We follow routines, but everything has changed

This Just In...

September 19, 2001|By Dan Rodricks

WASHINGTON -- I got here by train from Baltimore's Penn Station, where just after 7 a.m. on the first Tuesday after the terrible Tuesday, something new and strange happened: A security guard in a windbreaker asked me for my driver's license, noted the tag numbers on my car and wrote all of this on a list on a clipboard. I suppose somebody somewhere now looks at the names of people using the parking garage at the train station in Baltimore and compares them to names on a "watch list." I don't know what else to make of it, except that this is how it's going to be for a while, and maybe forever.

Outside Union Station in Washington, I drank coffee and listened to the trumpet player who is almost always there. Maybe a week ago at 8:30, in the last minutes before everything changed, he played the same songs -- "As Time Goes By" and "Taste of Honey" -- but I can't imagine that he also played then what he played next: "Taps."

It was getting to be that time now, counting down to the exact moments the hijackers steered the jetliners toward New York and Washington, and I watched the people filing out of the MARC trains and the Amtraks and assumed that many of them were following the exact flight paths of their lives again -- down the broad sidewalks of this beautiful city, with briefcases in their hands, down Constitution Avenue to the Department of Labor and maybe the Federal Trade Commission, through a park to the Capitol or one of the congressional office buildings.

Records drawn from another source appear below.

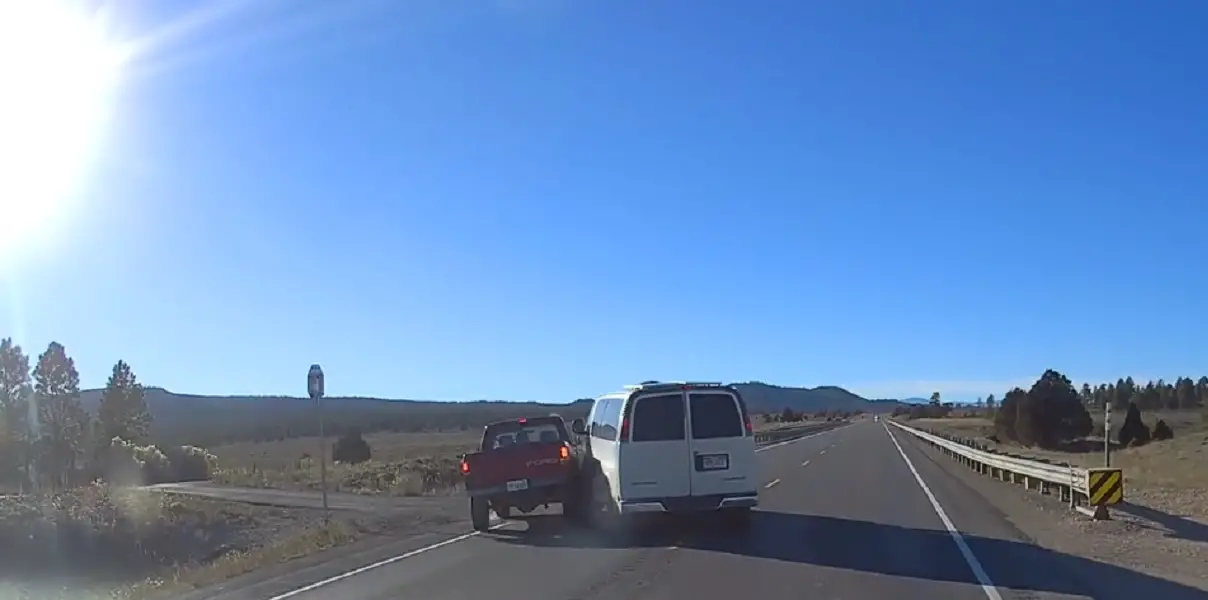 Suddenly, the driver in the Ranger, as mentioned, takes this as them wanting him to pass, which he attempts to do.
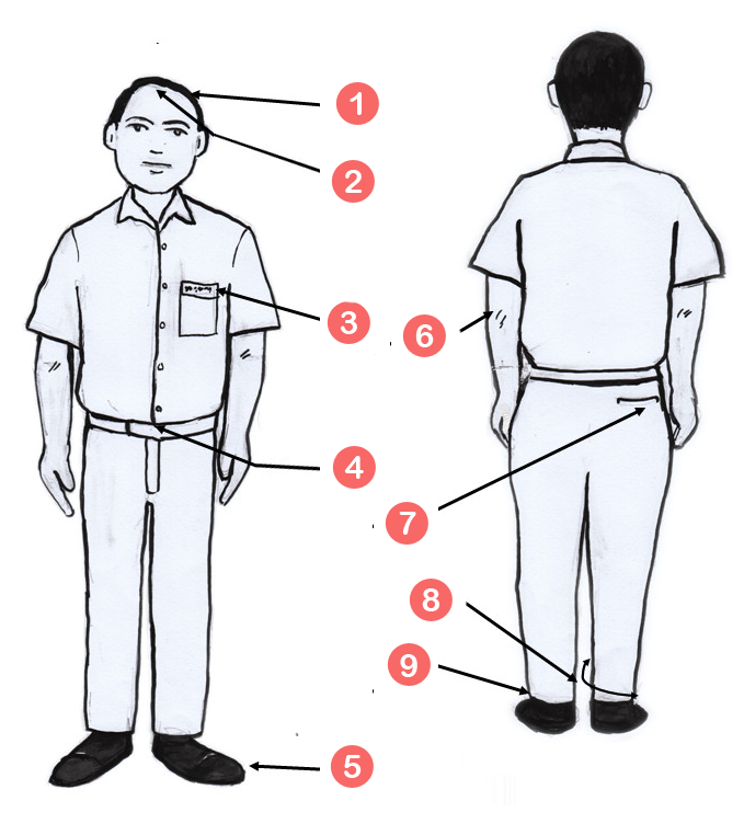 - பள்ளி லோகோ பாக்கெட்டின் வலது விளிம்பில் தைக்கப்பட வேண்டும்.
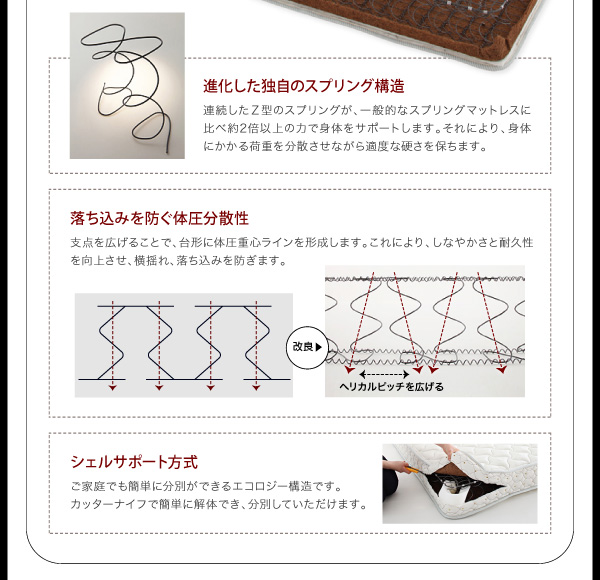 中材:Z型コイルスプリング(コイル数:シングル450個、セミダブル570個、ダブル660個)、

Some of them headed underground to the Metro, maybe to the Red Line toward Shady Grove, and maybe the Yellow Line to Pentagon City.

Just like last week.

It was a warm and sunny September Tuesday.

Just like last week.

Washington on Sept. 18 was pretty much like Washington on Sept. 11.

Except for everything.

I could not hear the voices of schoolchildren getting off buses to visit the Smithsonian because there were no school buses and no children. There were Tourmobiles running the usual routes along The Mall, but they were empty.

There were no commercial airliners coming out of Reagan National Airport so the familiar rumble of ambitious Americans moving every few minutes through the sky was gone.

Every 30 minutes, you could hear the high, distant thunder of a jet but you could not see it -- maybe an F-15 Eagle or an F-16 Falcon, or an AWAC, patrolling over the city. I could see nothing else in the air but squawking blue jays and Canada geese.

The geese settled down on The Mall, near the Washington Monument. The monument is surrounded by homely concrete highway barriers, and it is not open to visitors. Some time since last Tuesday, someone placed 36 bouquets of red and yellow chrysanthemums atop the barriers. They left a handwritten poster: "We Mongolians living in America are gathered here to convey our deep condolences and sorrow to the victims of recent tragic events and to express our solidarity with the American people. God bless America."

By now we had arrived at the hour of the Washington attack -- 9:40 a.m. A week ago, madmen hijacked Flight 77 out of Dulles, turned it around and slammed it into the Pentagon while some of the employees there were watching television coverage of the terrorist attacks in New York. I thought of the words of the boy who lives in my house: "I wish they had crashed into the Statue of Liberty. It would have been sad. But it wouldn't have killed so many people." I thought something similar as I stood in front of my favorite place, the Lincoln Memorial, a week to the hour from the time of the crash across the river at the Pentagon.

Lincoln lives on, though there were only a few people walking the steps to visit him and his words yesterday morning. I could hear the invisible jet again, and the sound seemed so odd and spooky that several people looked up with me. We saw only sky.

Yesterday, there were many police officers whose normal posts are inside federal buildings standing on the sidewalks leading to them, outside the Federal Reserve and the Treasury. There were Capitol police standing in driveways, and 10 of them bunched together getting special instructions about an iron gate in front of the old Executive Office Building. An officer in a bulletproof vest, marked "Secret Service," stood by a car across from the Renwick Gallery.

A note on the E Street door of the Interior Department said: "Due to heightened security this entrance closed until further notice."